Most postgraduate students studying for PhDs in Astronomy are funded by STFC (although some Universities also fund their own internal studentships). The result of this arrangement is that successful applicants to a PhD course can receive a stipend which amounts to about £13K per annum. It’s not a huge amount of money, but it is a stipend rather than a salary so it’s tax-free. Since a PhD student also remains a student and therefore qualifies for various other fringe benefits (Council Tax, student discounts, etc), it’s not actually a bad deal for the student. Anyway, if it were significantly more then it’s possible PhD students would have to start paying back their student loans, which would make things worse. STFC also pays a tuition fee to the University concerned, but this is done directly and the student doesn’t even see that element of the funding.

Since about 1995, PPARC and then STFC has funded research studentships in areas within its remit by means of peer review. Departments have bid for studentships (every two years) and a panel awards an allocation depending on the quality of the bid. Of course, everyone asks for many more studentships than are available so what you get is a fraction of what you ask for. I wrote the application for the first ever quota studentships for the Astronomy group at the University of Nottingham, and did it again a couple of times after that. Each time, despite going into best bullshit mode to write the case, I was frustrated by the relatively small number of studentships we were awarded. Although we succeeded in building up gradually from zero to 2-3 per year, it was a very slow process.

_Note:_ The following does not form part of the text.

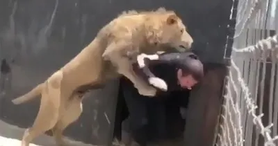 Kafeste dehşet anları! Aslan bakıcının üstüne atladı...
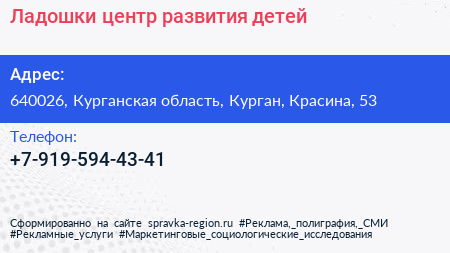 Ладошки, центр развития детей по адресу 640026, Курганская область, Курган, Красина, 53 в дальнейшем Организация, размещена в следующих категориях:

In recent years, the funding mechanism has evolved slightly so that studentship fees and stipends were devolved to the departments concerned in terms of Doctoral Training Grants (DTGs) rather than being administered centrally by PPARC/STFC. In the old days, students used to get their stipend from PPARC/STFC whereas now they are paid by their department from a cash grant.

Anyway, for various reasons (chief among them being no doubt to save administrative costs) STFC has decided to consult on changes to the mechanism for allocating the DTGs to the various departments around the country. The most serious proposed change is to follow the practice at the Engineering and Physical Sciences Research Council (EPSRC) and dispense with peer review. Instead, the proposal is to award studentships based on a formula involving how successful the department is at obtaining postdoctoral research assistant (PDRA) support from STFC.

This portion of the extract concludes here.